== Prompt ==
Leaving out the images, return the data below exactly as it is written.

== Input data ==
====

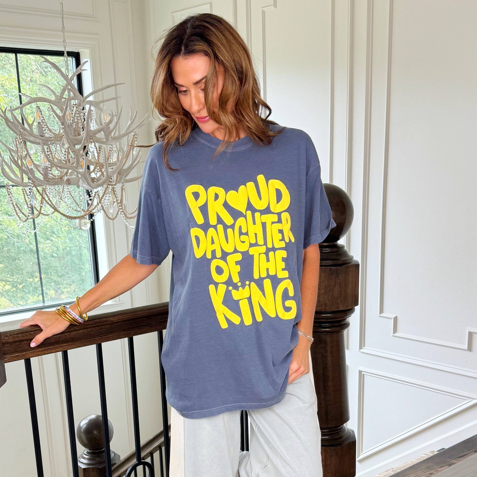 Celebrate your faith with the Proud Daughter Of The King Puff Tee. This soft, comfortable shirt features a stylish puff sleeve design, perfectly expressing your identity as a beloved child of God. Wear it with confidence and let your spirit shine through every moment.
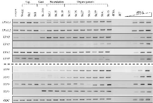 stage tested in this study. Maternal expression of LPA2 de- creases quickly to an almost undetectable level at stage 8 and its zygotic expression is detected from gastrulation throughout de- velopment. LPA5 expression is the highest before MBT but its zygotic transcripts can be amplified until stage 45. Zygotic expres- sion of LPA3 is switched on weakly during neurulation with an increase of expression at stage 37. However, its expression can be weakly detected during gastrulation with an increase of cycle numbers.
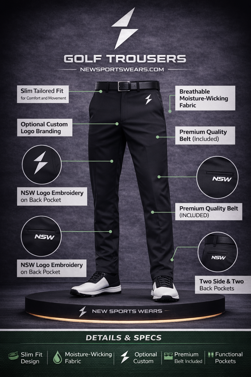 New Sports Wears is a professional golf trousers manufacturer supplying custom golf apparel worldwide with competitive bulk pricing and premium finishing standards.

====

== Written solution ==
 Celebrate your faith with the Proud Daughter Of The King Puff Tee. This soft, comfortable shirt features a stylish puff sleeve design, perfectly expressing your identity as a beloved child of God. Wear it with confidence and let your spirit shine through every moment.
 stage tested in this study. Maternal expression of LPA2 de- creases quickly to an almost undetectable level at stage 8 and its zygotic expression is detected from gastrulation throughout de- velopment. LPA5 expression is the highest before MBT but its zygotic transcripts can be amplified until stage 45. Zygotic expres- sion of LPA3 is switched on weakly during neurulation with an increase of expression at stage 37. However, its expression can be weakly detected during gastrulation with an increase of cycle numbers.
 New Sports Wears is a professional golf trousers manufacturer supplying custom golf apparel worldwide with competitive bulk pricing and premium finishing standards.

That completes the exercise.